Problem to solve:
Nothing in the listing should be altered when it is copied, and no picture goes into the copy.

Data excerpt START

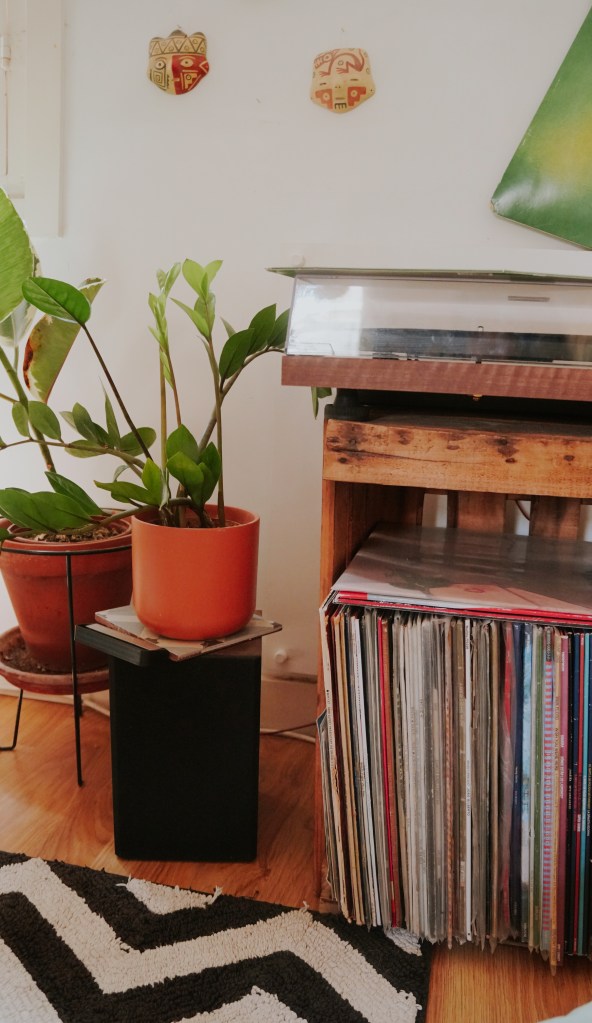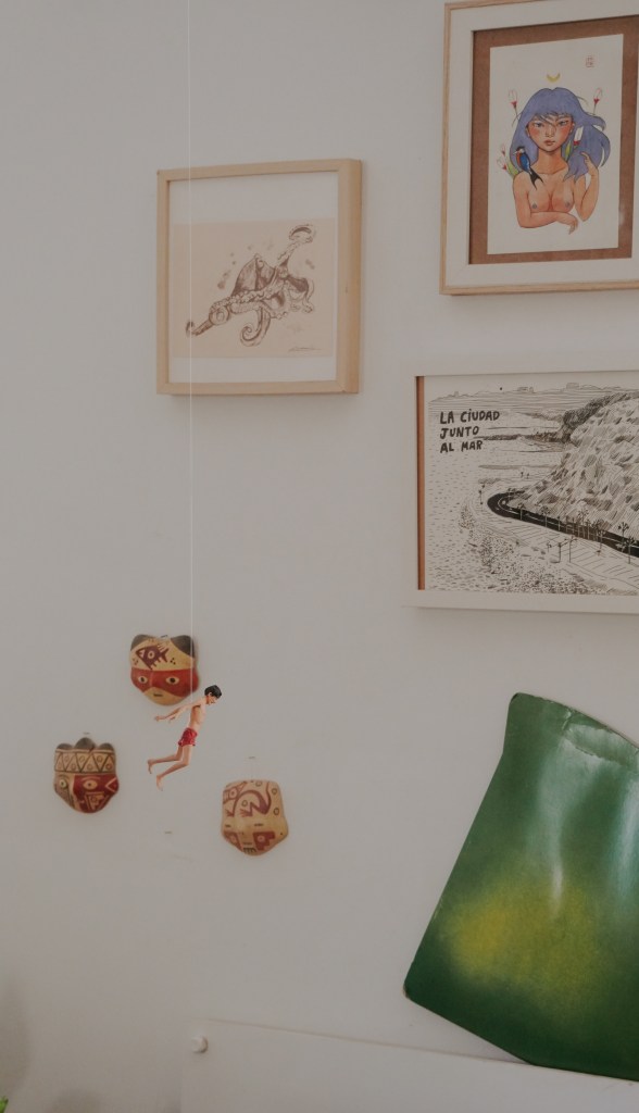 Tiene arte de las peruanas Lucía Coz, Manika Post y Fefa Cox. En la sala, el tocadiscos es una pieza importante, así como lo son sus plantas. En su dormitorio, la cabecera de la cama es el ladrillo rococho que le da calidez y textura a la habitación. En la pared tiene dos cuadritos de tapadas limeñas que una amiga le dejó encargados, y un retazo de tela que le regalaron y ella enmarcó. El tapete que le trajeron de México, y que sirve como camino de mesa, ella lo ha colgado en la puerta de su dormitorio. En su balcón solían haber muchas plantas, pero siempre se le morían por la luz directa. Ahora quedan algunas macetas vacías, y es el lugar donde su perrito Aurelio toma el sol. Su ventana queda justo sobre la calle, entre dos placitas típicas de Gracia.
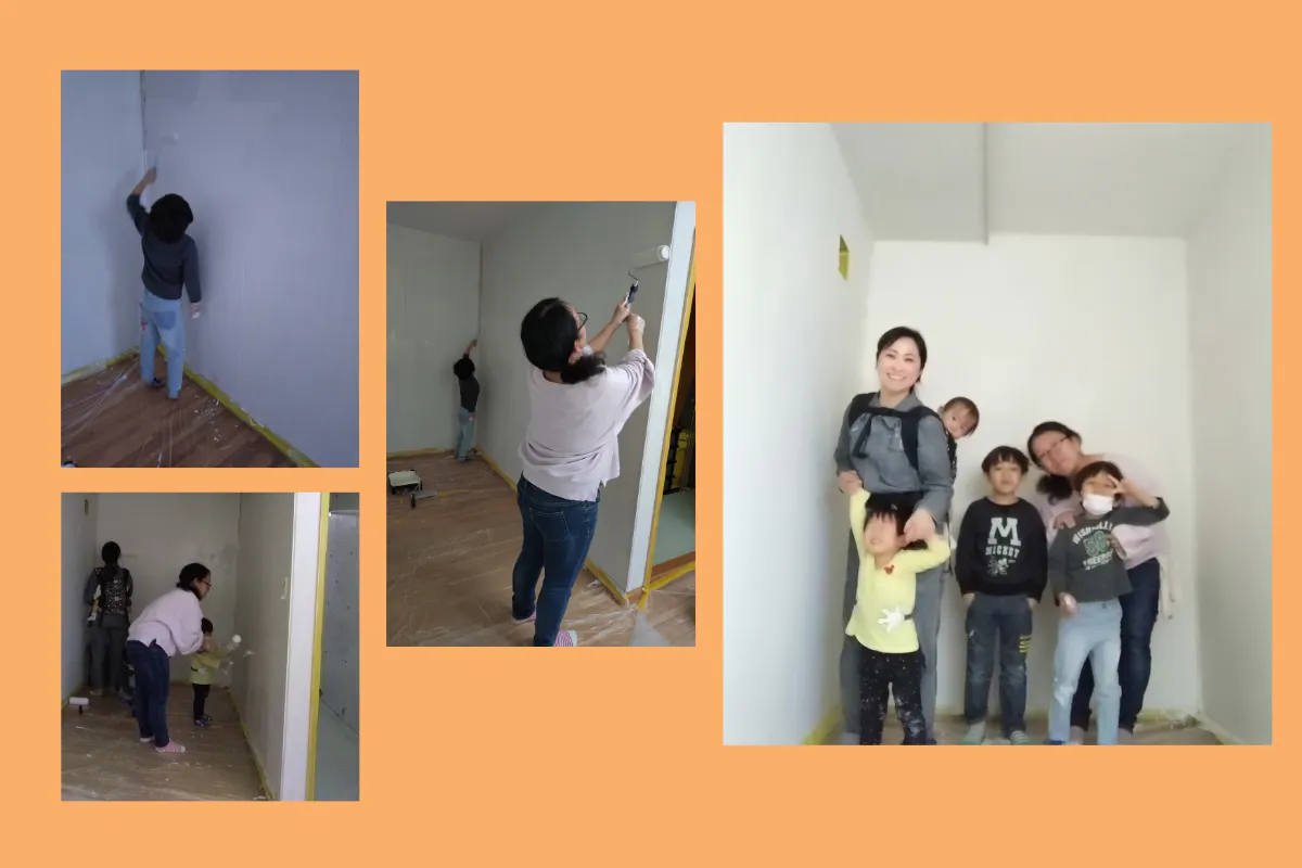 産後のお母さんに休んでいただくためのお部屋のペンキ塗りを手伝ってもらいました。
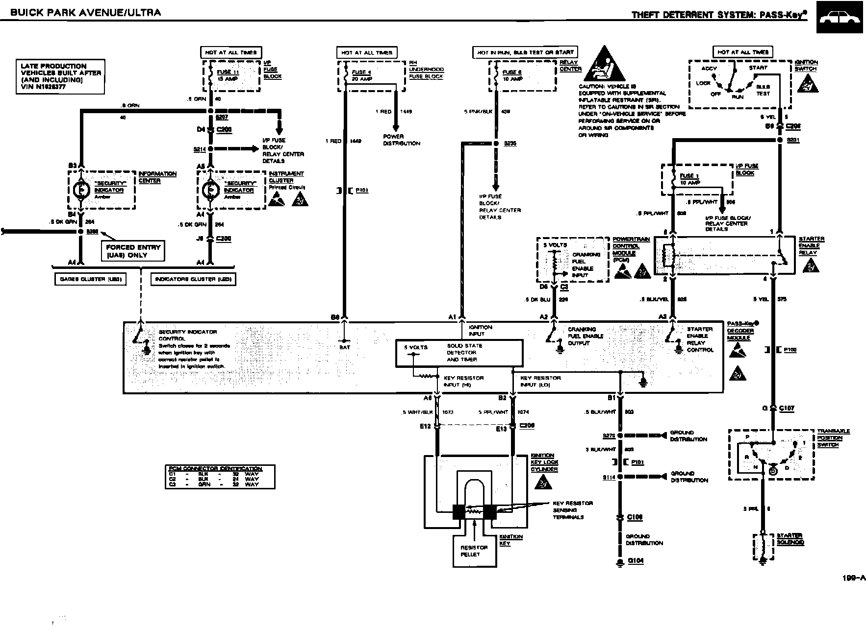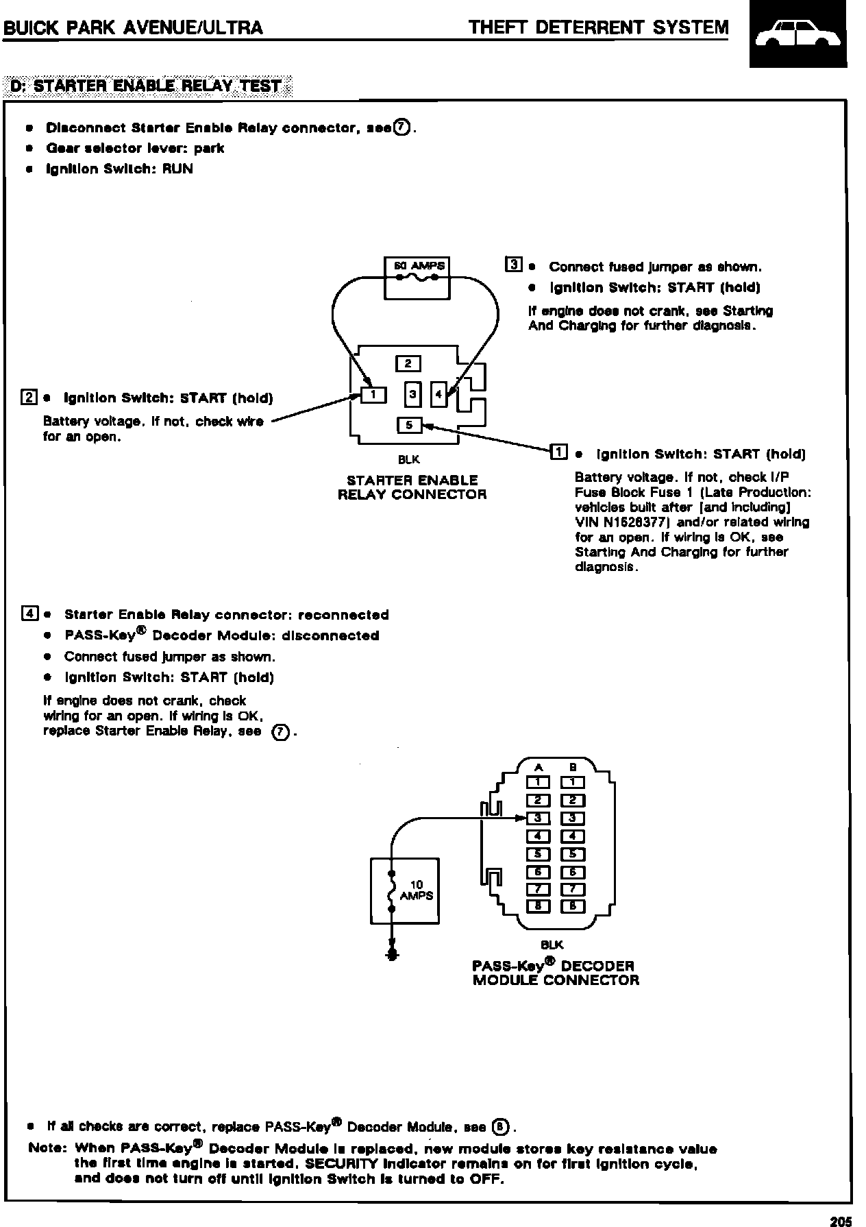 On all 1991-92 Park Avenue/Ultras built before VIN N1628377, replace the starter enable relay with Part Number 25609047 (refer to appropriate service manual for starter enable relay location) and change the wiring as per the procedure. On 1992 Park Avenue/Ultras built after (and including) VIN N1628377, diagnose "no crank" condition using the service manual diagnostic procedures, together with the enclosed updated diagnostic information where applicable.
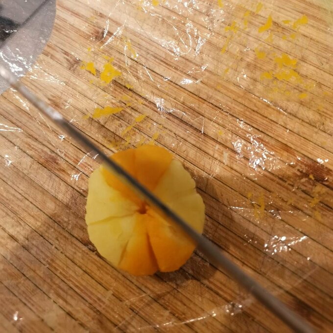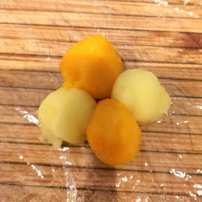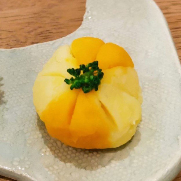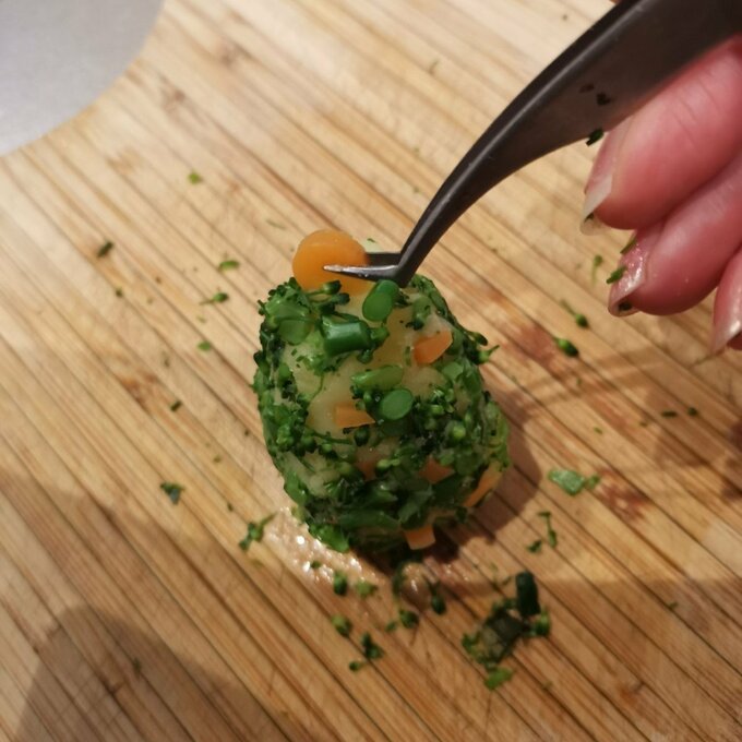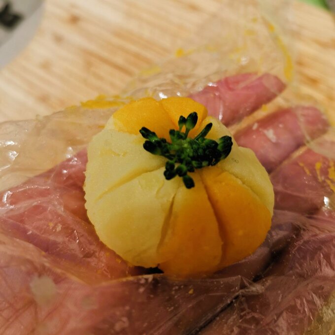 ぎゅっと捻って、茶巾絞りでもいいし、ナイフで模様を付けて中央にブロッコリーを添えて和菓子風にしても可愛いです。

Data excerpt END

Reply:
 Tiene arte de las peruanas Lucía Coz, Manika Post y Fefa Cox. En la sala, el tocadiscos es una pieza importante, así como lo son sus plantas. En su dormitorio, la cabecera de la cama es el ladrillo rococho que le da calidez y textura a la habitación. En la pared tiene dos cuadritos de tapadas limeñas que una amiga le dejó encargados, y un retazo de tela que le regalaron y ella enmarcó. El tapete que le trajeron de México, y que sirve como camino de mesa, ella lo ha colgado en la puerta de su dormitorio. En su balcón solían haber muchas plantas, pero siempre se le morían por la luz directa. Ahora quedan algunas macetas vacías, y es el lugar donde su perrito Aurelio toma el sol. Su ventana queda justo sobre la calle, entre dos placitas típicas de Gracia.
 産後のお母さんに休んでいただくためのお部屋のペンキ塗りを手伝ってもらいました。
 On all 1991-92 Park Avenue/Ultras built before VIN N1628377, replace the starter enable relay with Part Number 25609047 (refer to appropriate service manual for starter enable relay location) and change the wiring as per the procedure. On 1992 Park Avenue/Ultras built after (and including) VIN N1628377, diagnose "no crank" condition using the service manual diagnostic procedures, together with the enclosed updated diagnostic information where applicable.
 ぎゅっと捻って、茶巾絞りでもいいし、ナイフで模様を付けて中央にブロッコリーを添えて和菓子風にしても可愛いです。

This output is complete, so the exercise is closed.